El único ojo u ojazo de estos seres monstruosos, los cíclopes como Polifemo en la mitología griega o el ojáncanu en la de Cantabria (ya se sabe que en el país de los ciegos, el tuerto es el rey), simboliza de alguna manera la irracionalidad de la visión monocular. Es como si ese ojo les proporcionara sólo una visión parcial, animal, pero les faltara la visión binocular humana, intelectual o reflexiva y complementaria, la que  se obtiene mediante la participación de los dos ojos y funde en una percepción única las sensaciones recogidas por ambas retinas. La monstruosidad de estos seres no se debe a que sean tuertos, es decir a que tengan visión sólo por un ojo, sino a que ese ojo ciclópeo, esto es ojo en forma de rueda,  está situado en mitad de la frente, fuera del lugar destinado por la naturaleza.
La visión que completa nuestra percepción humana y que de alguna manera la trasciende es en Asia el llamado tercer ojo, un ojo simbólico, clarividente y omnividente que se abre en la frente, para lo que es preciso muchas veces cerrar los otros ojos.
Pero ojo al Cristo,  que es de plata, como suele decirse: el ojo único es también un símbolo muy importante en la iconografía de la fe cristiana: es el ojo de Dios omnividente que todo lo ve, metido en un triángulo equilátero, que representa el número tres y es el emblema de la Sagrada Trinidad: un Dios que es uno y a la vez trino: Padre, Hijo y Espíritu Santo.

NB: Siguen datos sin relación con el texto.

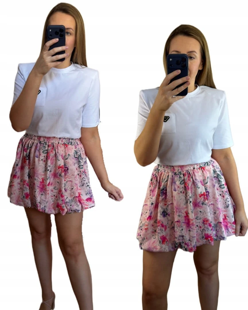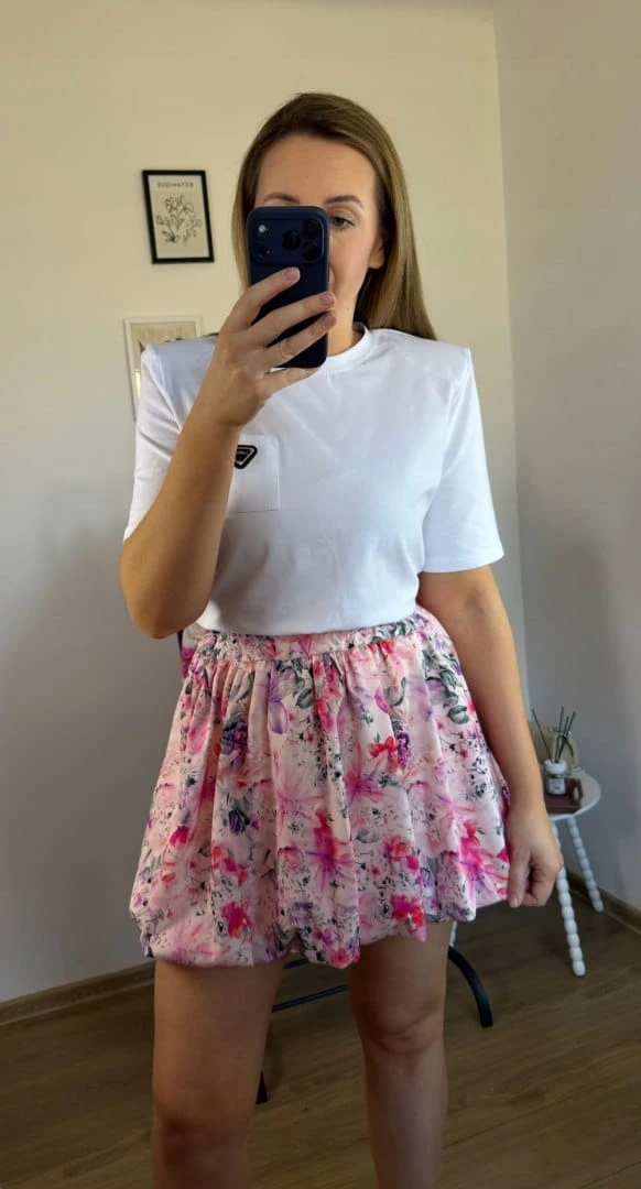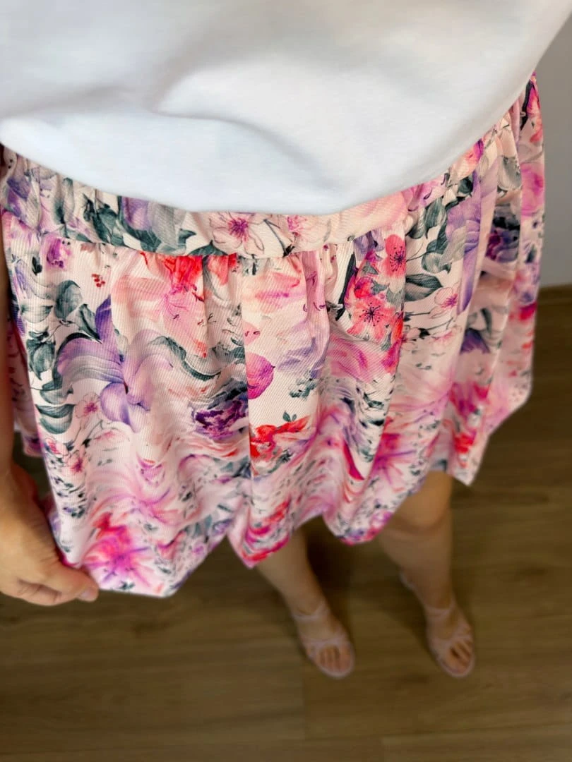 Krótka spódnica bombka wzorzysta luźna w różowe kwiaty kwiatki

En los versos de Góngora ya se equiparaba el ojo de Polifemo al mayor lucero, es decir, al astro rey de nuestro sistema solar. Y en la tradición politeísta grecorromana existía un dios –uno y masculino- llamado a ser el unus deus monoteísta de las religiones judía, cristiana y musulmana que han triunfado en nuestro mundo: era Zeus,  o Júpiter en su versión romana, a quien el poeta Hesíodo en Trabajos y Días, verso 267, uno de los poemas más antiguos de la literatura griega, invoca como “ojo de Zeus que todo lo ha visto y todo ideado”.
Así tenemos por ejemplo el Great Seal o Gran Sello  de los EEUU de América, impreso desde hace más de dos siglos en los billetes de un dólar, en el que los americanos estampan su fe en Dios: in God we trust,  que sugiere que la moderna epifanía o revelación de Dios es precisamente el Dinero.
Nuestro don Antonio Machado dejó escrito en sus Proverbios y cantares esta reflexión sobre el ojo: El ojo que ves no es / ojo porque tú lo veas:/ es ojo porque te ve. Es una invitación a mirar las cosas con otros ojos, es decir, no con las ideas previas que tenemos de ellas, sino olvidándonos de los nombres con los que las designamos. Como dijo Paul Valéry en alguna parte: ver es olvidar el nombre de las cosas que uno ve: no sólo nosotros tenemos ojos, también las cosas tienen ojos con los que nos ven.